J'ai lu ça ici, point 6-a :
www.myswissadviser.com/directive-suisseUE-fiscalite-epargne.htm
 

xa

Membre Expert
#6
"La notion d'intérêt très large de la directive (obligations, fiduciaires, revenus de fonds investis en titres de créances distribués ou capitalisés) est reprise dans l’accord avec la Suisse, en excluant toutefois les paiements d'intérêts de débiteurs suisses déjà soumis à l'impôt anticipé suisse (35%)."

+ "Sont exclus du champ d'application :

• Les actions et produits dérivés (options, futures)
• Les paiements d'intérêts de débiteurs suisses soumis à l'impôt anticipé suisse
• Les revenus de fonds dont moins de 15% des actifs sont investis en titres sujets à l’imposition des intérêts,
jusqu’à 40% pour les fonds à capitalisation (25% dès 2011)
• Les paiements d'intérêts des obligations "grandfathered" jusqu’au 31.12.2010
(Obligations émises avant le 01/03/2001 et sans réémission après le 01/03/2002)
• Les produits d’assurances et de bancassurance (inclus 2° et 3° piliers)
• Les intérêts sur prêts privés ou entre sociétés affiliées
• Les revenus de location"


Je vous renvoie à votre question initiale : "est-il fiscalement intéressant de déclarer un compte en Suisse suite à la vente en France d'un petit bien immobilier - somme qui serait placée en Suisse."

Pour pouvoir "choisir", il faut :
- éviter la bourse
- éviter les fonds de placements
- eviter les fiduciaires, les scpi, les siic
- éviter les revenus fonciers
- éviter les obligations (taxation IA si compte détenu en Suisse --> non exclus spécifiquement, mais exclus du fait de la taxation à la source automatique)
- éviter les produits d'assurance


Peut-on vraiment parler de choix ?
 

benetto69

Membre Junior
#7
interrogation

"La notion d'intérêt très large de la directive (obligations, fiduciaires, revenus de fonds investis en titres de créances distribués ou capitalisés) est reprise dans l’accord avec la Suisse, en excluant toutefois les paiements d'intérêts de débiteurs suisses déjà soumis à l'impôt anticipé suisse (35%)."

+ "Sont exclus du champ d'application :

• Les actions et produits dérivés (options, futures)
• Les paiements d'intérêts de débiteurs suisses soumis à l'impôt anticipé suisse
• Les revenus de fonds dont moins de 15% des actifs sont investis en titres sujets à l’imposition des intérêts,
jusqu’à 40% pour les fonds à capitalisation (25% dès 2011)
• Les paiements d'intérêts des obligations "grandfathered" jusqu’au 31.12.2010
(Obligations émises avant le 01/03/2001 et sans réémission après le 01/03/2002)
• Les produits d’assurances et de bancassurance (inclus 2° et 3° piliers)
• Les intérêts sur prêts privés ou entre sociétés affiliées
• Les revenus de location"


Je vous renvoie à votre question initiale : "est-il fiscalement intéressant de déclarer un compte en Suisse suite à la vente en France d'un petit bien immobilier - somme qui serait placée en Suisse."
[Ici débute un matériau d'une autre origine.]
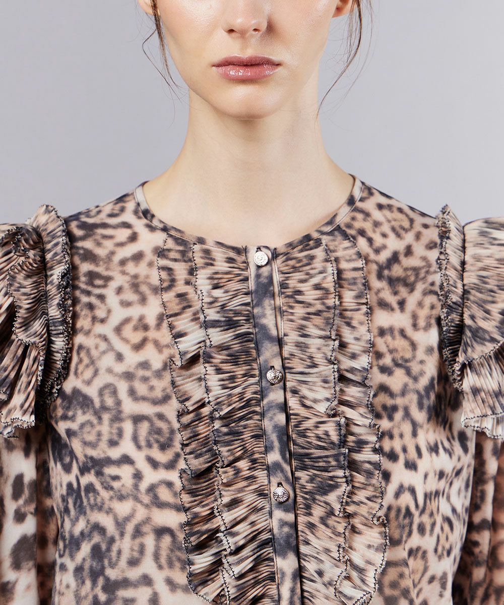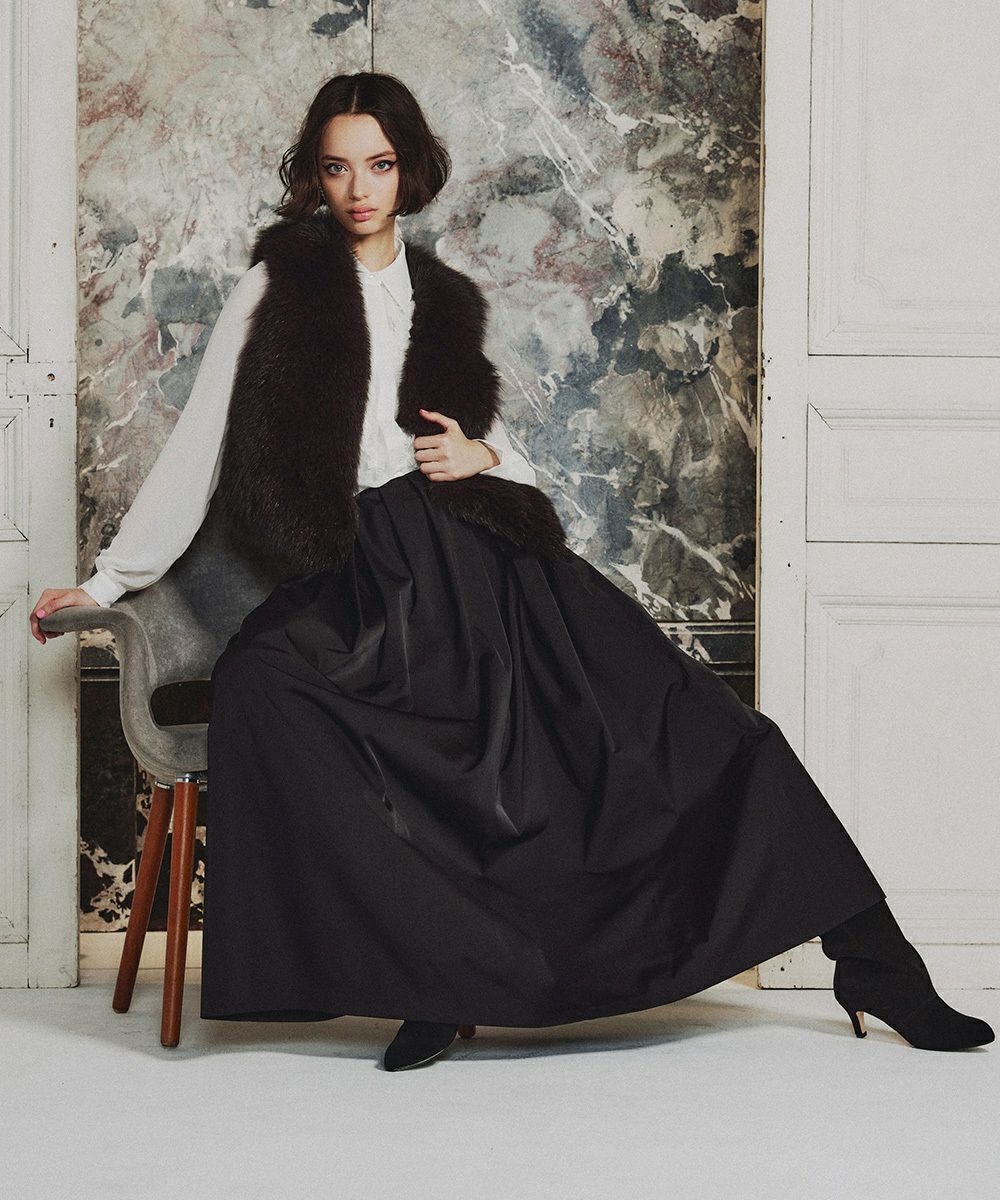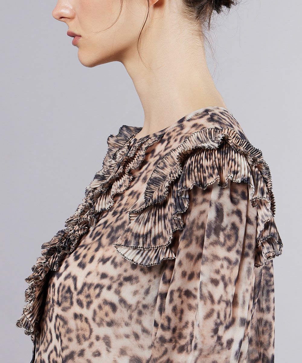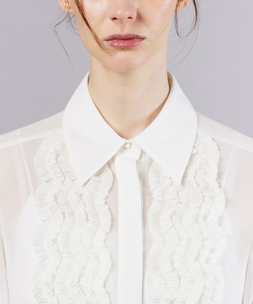 AKKO×Sov./ クロスネックマットサテン シフォンブラウス(WEB限定)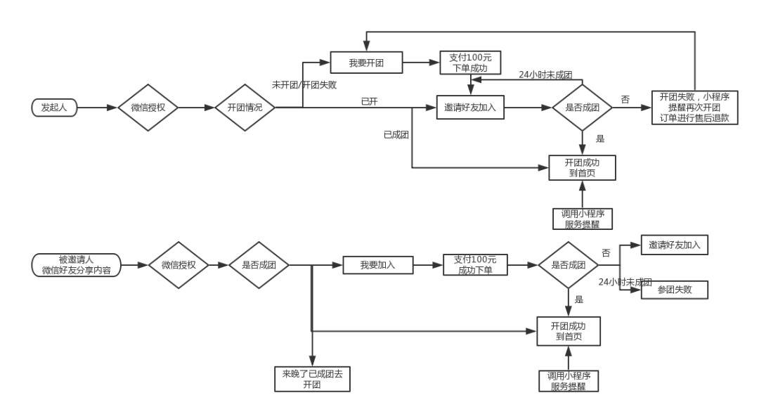 筆者這次負(fù)責(zé)的活動主要是在小程序中的拼團(tuán)活動,筆者將從發(fā)起人和被邀請人兩個維度來探討流程設(shè)計,具體詳情見下圖(流程存在一些不足,因為是用processon畫的流程,源文件沒有了,修改不了):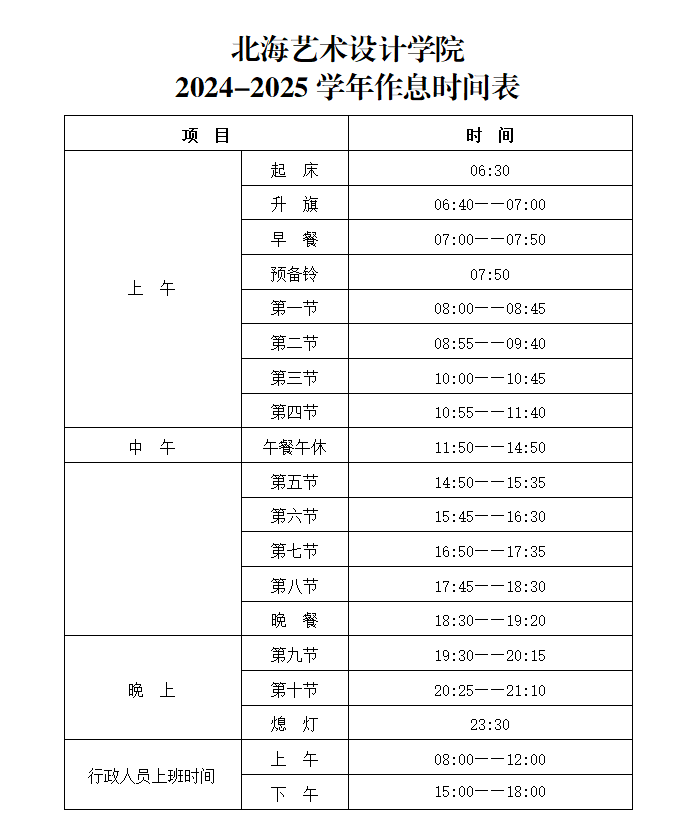 作息时间表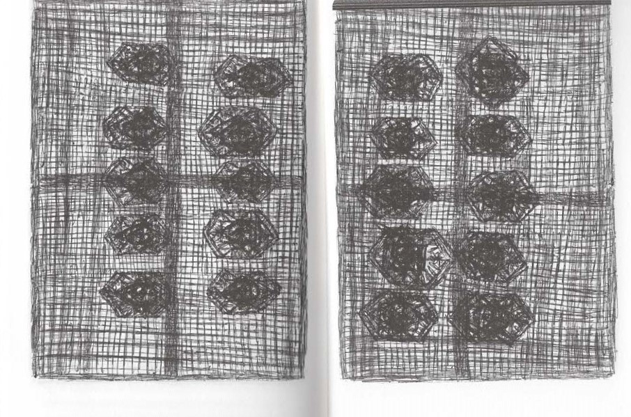 I fogli (in generale 21 + 29,5 cm) venivano utilizzati su ambedue i lati, recto e verso, la maggior parte è saturata dai motivi grafici, essendo il supporto limitato e il desiderio di esprimersi vivo e irreprimibile. Coniugando scrittura e figura, il creatore si abbandona a sperimentazioni dove a volte dialogano e si intrecciano forme astratte e simulacri di scrittura. Cerca il valore del segno e la forza pittografica delle lettere, tralasciando il significato. Stelle, croci, cerchi, ovali, poligoni vari sono allineati all’infinito, giustapposti in uno sciame che sembra senza fine, come se ogni figura fosse generata dalla precedente e invocasse instancabilmente la nascita della successiva. Il flusso grafico pare seguire un rimo iterativo lancinante, favorevole all’ispirazione dell’autore che vi vede un rilancio della propria creazione. Le linee ripetute più volte e spesso sovrapposte, come un filo di inchiostro nero che si snoda instancabilmente sulla pagina bianca, esercitarono senza dubbio anche un intenso effetto ipnotico sullo scrittore-disegnatore, inducendolo a staccarsi dalla realtà per entrare in uno stato psichico altro, prossimo alla trance.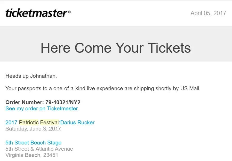 On April 2, 2017 I purchased 4 tickets to see Darius Rucker perform at Virginia Beach’s Patriotic Festival; Darius Rucker was scheduled to perform on June 3rd. Upon completing my transaction, I was notified that my tickets would be shipped to me in 10-14 days.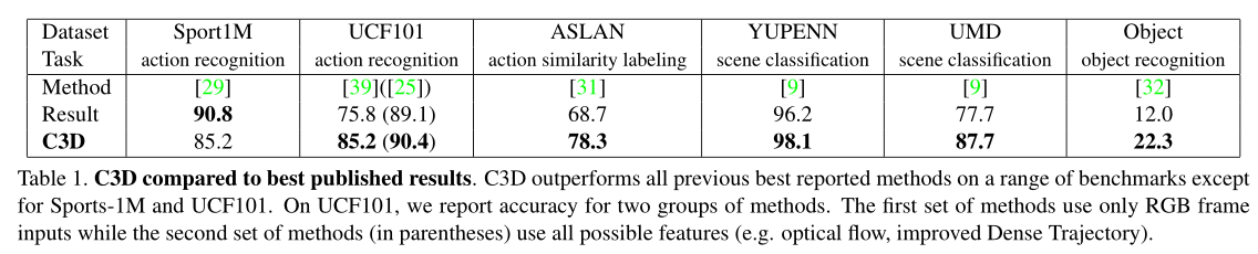 比较C3D与最好的公开结果。在一系列的基准上,C3D优于所有先前最好的报告方法,除了Sports-1M和UCF101。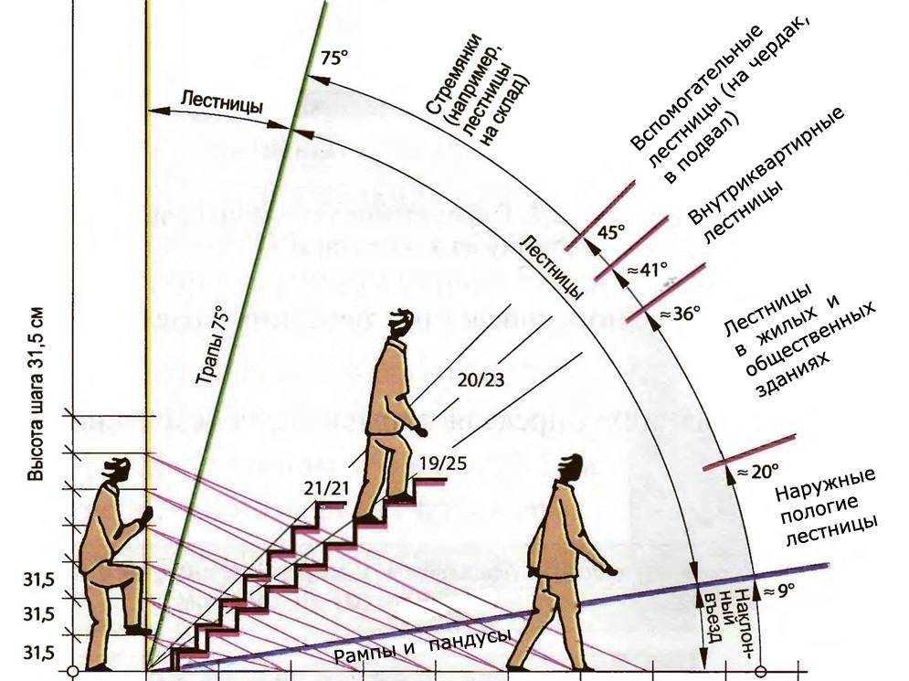 Необходимо правильно сделать расчеты угла наклона марша. Самым оптимальным является значение от 30 до 45 градусов. Если сделать угол меньше, вся конструкция будет занимать много места, если больше, то передвигаться по лестнице будет трудно и небезопасно.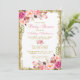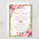 Cartão de Convite para Chás de fraldas Floral e Dourado Brilhante Cor-de-Água Rosa - Script Rosa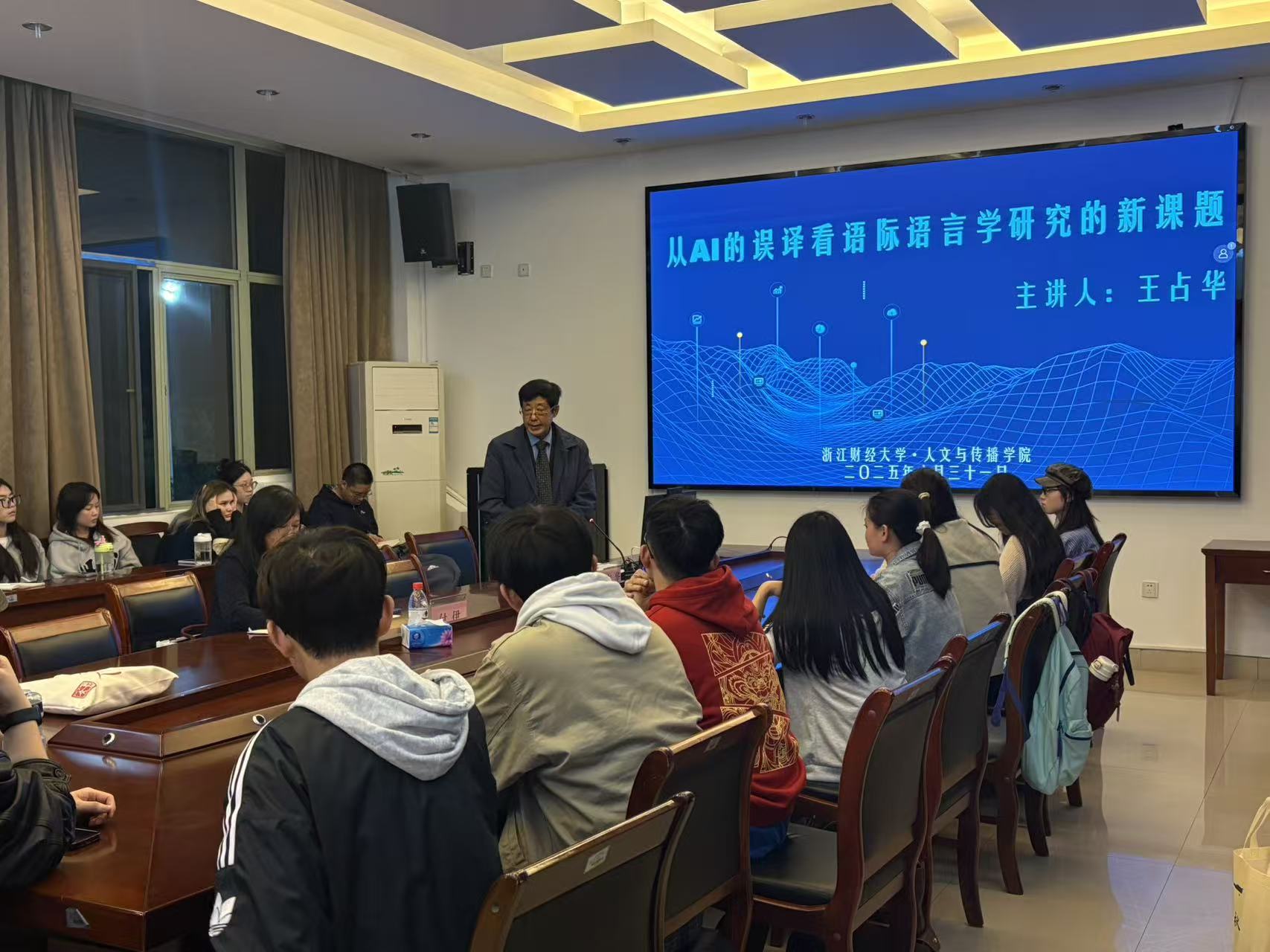 10月31日晚上,国际中文教育界和语法学界杰出学者、日本北九州市立大学王占华教授应邀为公司研究生带来一场题为 “从AI的误译看语际语言学研究新课题” 的学术讲座。讲座由公司国际中文教育专业硕士学位点负责人付伊副教授主持,国际中文教育以及语言学专业的教师与研究生到场聆听。

Pour pouvoir "choisir", il faut :
- éviter la bourse
- éviter les fonds de placements
- eviter les fiduciaires, les scpi, les siic
- éviter les revenus fonciers
- éviter les obligations (taxation IA si compte détenu en Suisse --> non exclus spécifiquement, mais exclus du fait de la taxation à la source automatique)
- éviter les produits d'assurance


Peut-on vraiment parler de choix ?


Bonjour

Actuellement résident fiscal français, j'étudie sérieusement la possibilité de m'expatrier en Andorre prochainement ( suis en couple, marié et donc ce sera l'ensemble du foyer fiscal qui s’expatriera).
Aussi j'envisage de placer une partie des mes placements en andorre mais aussi une partie (la plus importante) en suisse.

Dans ce cas, quelqu'un aurait il l'info sur l’imposition subie ( 35 % normalement) par la suisse envers un résident andorran (à priori une fois le statut de résident andorran acquis je ne serais plus imposé car il n'existe pas d'IR en ANdorre).

Je sollicite vos divers avis bien que je sois en relation avec des "experts financiers" dans les deux pays mais plusieurs avis valent mieux qu'un dans une démarche telle que celle que j'envisage.